LeCun et al. (1999): The MNIST Dataset Of Handwritten Digits (Images)

The MNIST dataset of handwritten digits, available from this page, has a training set of 60,000 examples, and a test set of 10,000 examples. It is a subset of a larger set available from NIST. The digits have been size-normalized and centered in a fixed-size image. It is a good database for people who want to try learning techniques and pattern recognition methods on real-world data while spending minimal efforts on preprocessing and formatting.

See http://yann.lecun.com/exdb/mnist for more information.

Note

The version that is offered here is identical to the four files distributed there, but has been converted into a single HDF5 file than can easily be read by PyMVPA.

Terms Of Use

Yann LeCun (Courant Institute, NYU) and Corinna Cortes (Google Labs, New York) hold the copyright of MNIST dataset, which is a derivative work from original NIST datasets.

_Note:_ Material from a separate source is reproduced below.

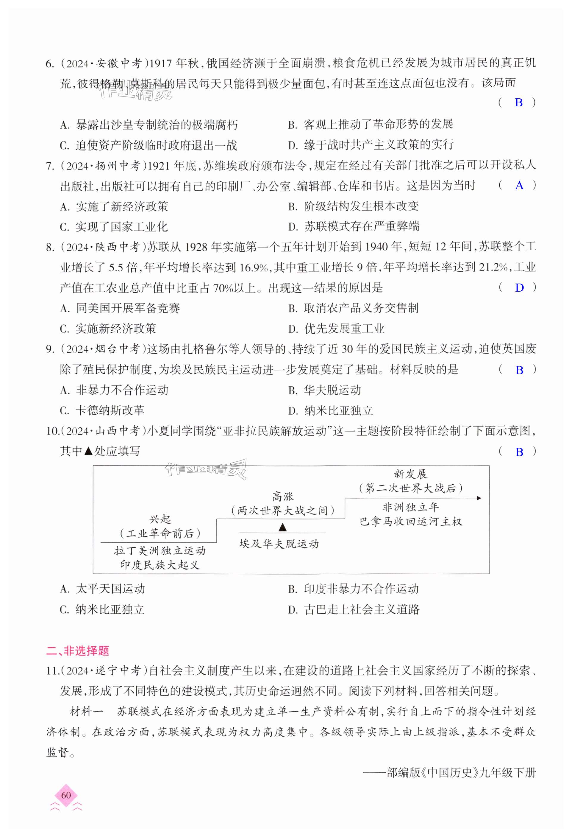 注:目前有些书本章节名称可能整理的还不是很完善,但都是按照顺序排列的,请同学们按照顺序仔细查找。练习册 2025年快乐导练九年级历史下册人教版 答案主要是用来给同学们做完题方便对答案用的,请勿直接抄袭。

MNIST dataset is made available under the terms of the Creative Commons Attribution-Share Alike 3.0 license.

Download

A single hdf5 file containing entire MNIST dataset is available from

Requirements

  • HDF5 access facility.
  • PyMVPA 0.5 (or later) provides the h5load() function (utilizes H5PY package).

Instructions

>>> from mvpa2.suite import *
>>> filepath = os.path.join(pymvpa_datadbroot, 'mnist', "mnist.hdf5")
>>> datasets = h5load(filepath)
>>> train = datasets['train']
>>> test = datasets['test']
>>> print train
<Dataset: 60000x784@uint8, <sa: labels>>
>>> print test
<Dataset: 10000x784@uint8, <sa: labels>>
>>> # assign a mapper able to recreate 28x28 pixel image arrays
>>> test.a.mapper = FlattenMapper(shape=(28, 28))
>>> test.mapper.reverse(test).shape
(10000, 28, 28)

References

LeCun, Y., Bottou, L., Bengio, Y., and Haffner, P. (1998). Gradient-based learning applied to document recognition. Proceedings of the IEEE, 86, 2278–2324.